The complaint contains pictures of the objectionable designs like this one:
We think the rash of graffiti-related lawsuits says something about intellectual property as much as it does about the artistic medium of street art. The plaintiffs in this case are among the street artists whose works are now exhibited in museums. But they also practice a form of art that is rooted in the counterculture. In recent years, there's been some backlash from the digital vanguard on perceived overprotection by rights-holders. But now some street artists are seemingly coming to the conclusion that intellectual property laws offer something of importance to them.
Using intellectual property as a sword is not a sell-out in their eyes. Rather, quite the opposite.
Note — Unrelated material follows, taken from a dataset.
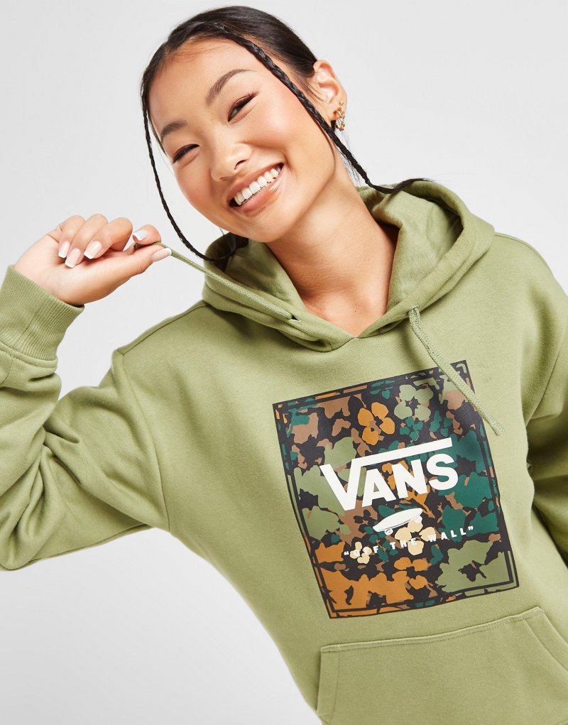 Tragen Sie einen frischen Look von Vans mit diesem Damen-Hoodie mit Grafikdruck. Dieser Kapuzenpullover mit entspannter Passform ist in der Farbe Grün gehalten und besteht aus weichem und kuscheligem Fleecestoff. Es hat ein Overhead-Design und verfügt über eine verstellbare Kapuze, lange Ärmel und gerippte Abschlüsse, die die Passform optimieren. Dieser Kapuzenpullover verfügt über eine zentrale Kängurutasche, eine Box-Grafik auf der Brust und das charakteristische Vans-Branding. Waschmaschinenfest. | Unser Model ist 1,75 Meter groß und trägt die Größe S.

As the lawsuit puts it, "Nothing is more antithetical to the outsider 'street cred' that is essential to graffiti artists … than association with European chic, luxury and glamour — of which Cavalli is the epitome. To anyone who recognizes their work, Plaintiffs are now wide open to charges of 'selling out.' ”
We doubt that film studios and major record companies will be adopting this argument or lining up street artists to be spokespeople. On the other hand, these lawsuits present an alternative argument for copyright and trademark maximalism premised on some form of moral rights imperative. It's a legal development that comes somewhat unexpectedly. A bit like graffiti, in fact.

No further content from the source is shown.